TASK INSTRUCTIONS →
Go to the line with "Rechts: Aussteuerwagen der" in the entries below and write out every line from there through the line with "For the first", exactly and without pictures.

GIVEN INFORMATION →
◇ ◇ ◇
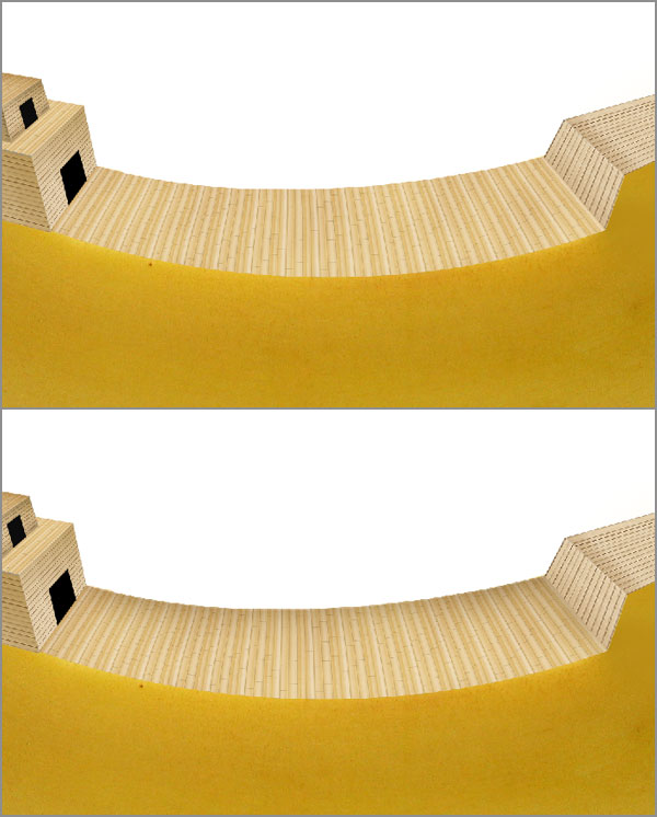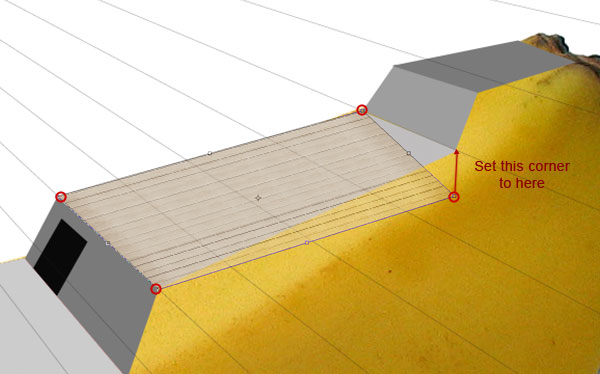 Now its time for texturing the deck. Open "wood 3.jpeg" and import it into document and name this layer "wood floor". Press Cmd/Ctrl + T to Free Transform this layer, press Cmd/Ctrl and click on corners and transform it to make wooden floor.
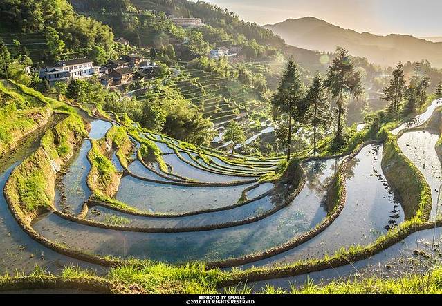 阳光洒向人间,它却把人间的温情当做谢礼投射回天堂,它就是剔透如镜面般的梯田。
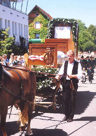 Rechts: Aussteuerwagen der Trachten- und Volkstanzgruppe Hausach-Einbach
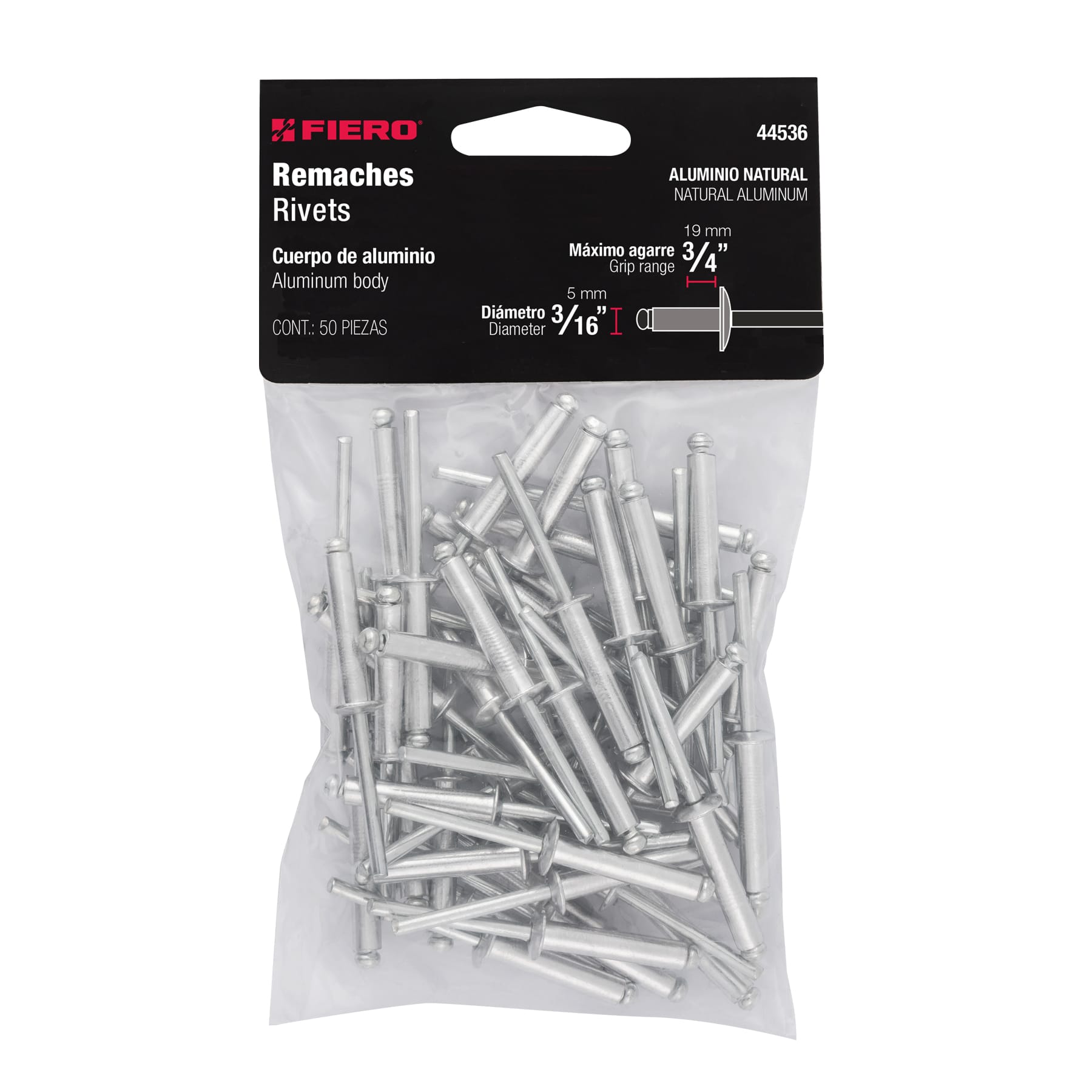 Bolsa con 50 remaches 3/16′ x 3/4′ de aluminio, ala 3/8′
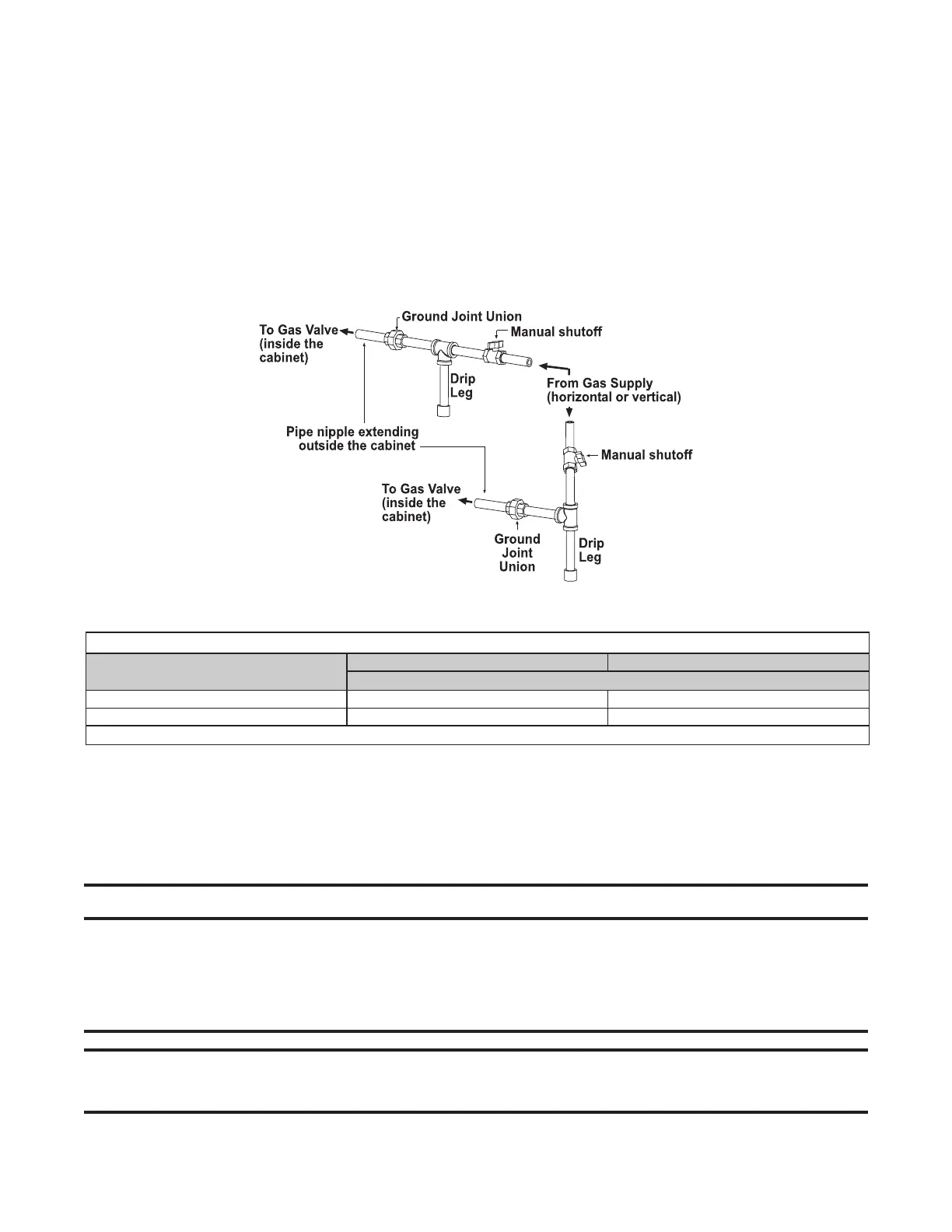 codes may require a drip leg longer than 3 inches (typically 6 inches). To permit burner removal, this drip leg must
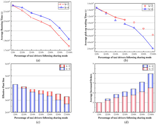 Impact of the different driver’s percentage participating in sharing mode. (a) is the average running time, and (b) is the average pick-up waiting time. (c,d) are the effective fleet size and average increased orders based on different percentage of taxi driver’s following sharing mode.
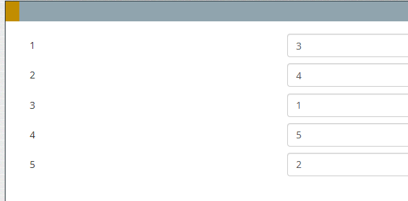 <script type="text/javascript" charset="utf-8"> function shuffle(array) { var currentIndex = array.length, temporaryValue, randomIndex; // While there remain elements to shuffle... while (0 !== currentIndex) { // Pick a remaining element... randomIndex = Math.floor(Math.random() * currentIndex); currentIndex -= 1; // And swap it with the current element. temporaryValue = array[currentIndex]; array[currentIndex] = array[randomIndex]; array[randomIndex] = temporaryValue; } return array; } $(document).on('ready pjax:scriptcomplete',function(){ // Fill the array var arr = []; for (var i = 1; i < 6; i++) { arr.push(i); } arr = shuffle(arr); $('#question{QID} input[type="text"]:eq(0)').val(arr[0]); $('#question{QID} input[type="text"]:eq(1)').val(arr[1]); $('#question{QID} input[type="text"]:eq(2)').val(arr[2]); $('#question{QID} input[type="text"]:eq(3)').val(arr[3]); $('#question{QID} input[type="text"]:eq(4)').val(arr[4]); // After testing remove the slashes of the next row to hide this question // $('#question{QID}').hide(); }); </script>
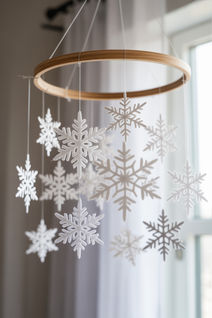 - Materials: felt snowflakes, embroidery hoop, fishing line.
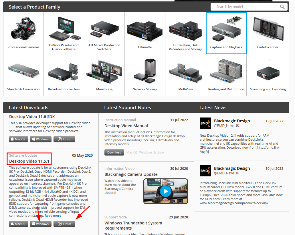 Select Capture and Playback, then search for the version currently used by Quickstream Node. You can check which version of Decklink driver we are using in the Third party components chapter of the documentation. At this moment, we are using version 14.1.0. Then download that version of Software Update regarding to OS that Quickstream Node is using. Finally install it on same server as Quickstream Node is running.
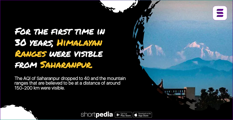 For the first time in 30 years, Himalayan Ranges were visible from Saharanpur. The AQI of Saharanpur dropped to 40 and the mountain ranges that are believed to be at a distance of around 150-200 km were visible.
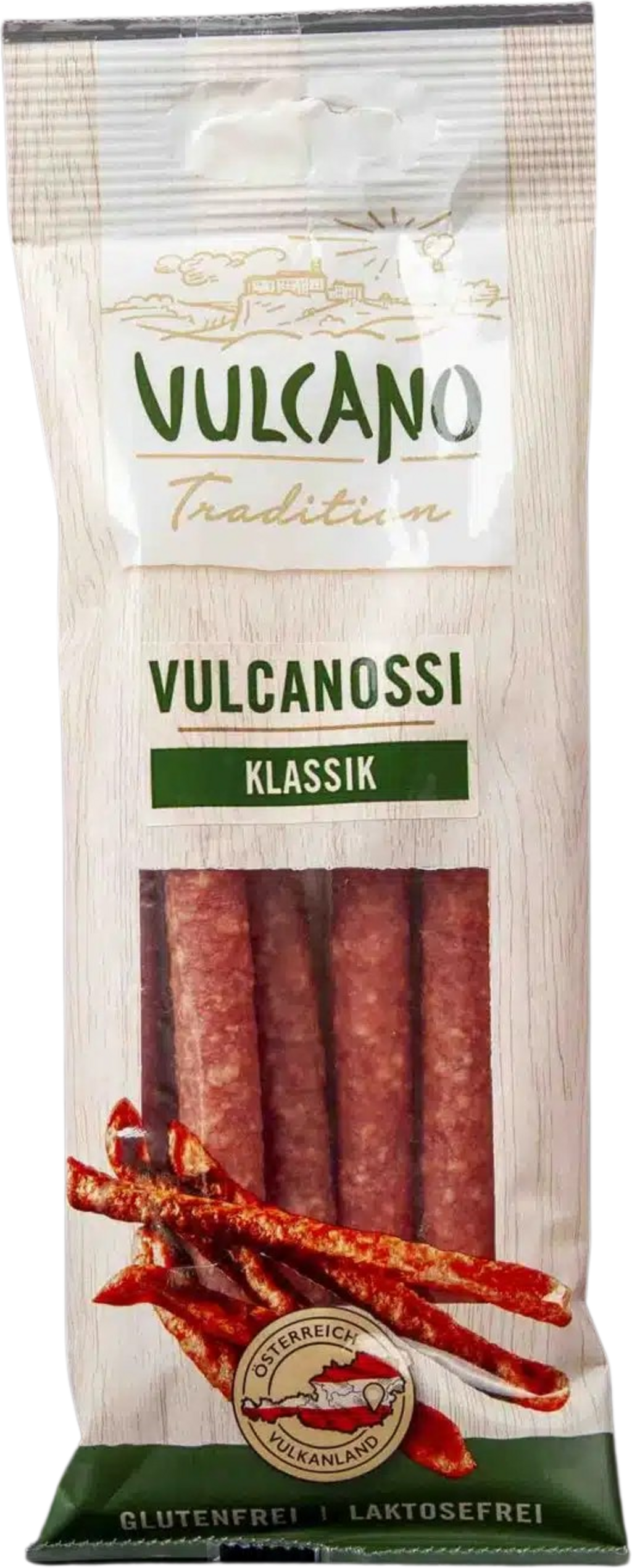 Vulcano Rohwürste werden nur mit bestem Rohfleisch und Speck vom Schwein verarbeitet. Hochwertige Rohstoffe und edle Gewürze mit einem Hauch von Rauch vereinen sich zu einem angenehmen Geschmackserlebnis.
◇ ◇ ◇
FINISHED EXERCISE →
 Rechts: Aussteuerwagen der Trachten- und Volkstanzgruppe Hausach-Einbach
 Bolsa con 50 remaches 3/16′ x 3/4′ de aluminio, ala 3/8′
 codes may require a drip leg longer than 3 inches (typically 6 inches). To permit burner removal, this drip leg must
 Impact of the different driver’s percentage participating in sharing mode. (a) is the average running time, and (b) is the average pick-up waiting time. (c,d) are the effective fleet size and average increased orders based on different percentage of taxi driver’s following sharing mode.
 <script type="text/javascript" charset="utf-8"> function shuffle(array) { var currentIndex = array.length, temporaryValue, randomIndex; // While there remain elements to shuffle... while (0 !== currentIndex) { // Pick a remaining element... randomIndex = Math.floor(Math.random() * currentIndex); currentIndex -= 1; // And swap it with the current element. temporaryValue = array[currentIndex]; array[currentIndex] = array[randomIndex]; array[randomIndex] = temporaryValue; } return array; } $(document).on('ready pjax:scriptcomplete',function(){ // Fill the array var arr = []; for (var i = 1; i < 6; i++) { arr.push(i); } arr = shuffle(arr); $('#question{QID} input[type="text"]:eq(0)').val(arr[0]); $('#question{QID} input[type="text"]:eq(1)').val(arr[1]); $('#question{QID} input[type="text"]:eq(2)').val(arr[2]); $('#question{QID} input[type="text"]:eq(3)').val(arr[3]); $('#question{QID} input[type="text"]:eq(4)').val(arr[4]); // After testing remove the slashes of the next row to hide this question // $('#question{QID}').hide(); }); </script>
 - Materials: felt snowflakes, embroidery hoop, fishing line.
 Select Capture and Playback, then search for the version currently used by Quickstream Node. You can check which version of Decklink driver we are using in the Third party components chapter of the documentation. At this moment, we are using version 14.1.0. Then download that version of Software Update regarding to OS that Quickstream Node is using. Finally install it on same server as Quickstream Node is running.
 For the first time in 30 years, Himalayan Ranges were visible from Saharanpur. The AQI of Saharanpur dropped to 40 and the mountain ranges that are believed to be at a distance of around 150-200 km were visible.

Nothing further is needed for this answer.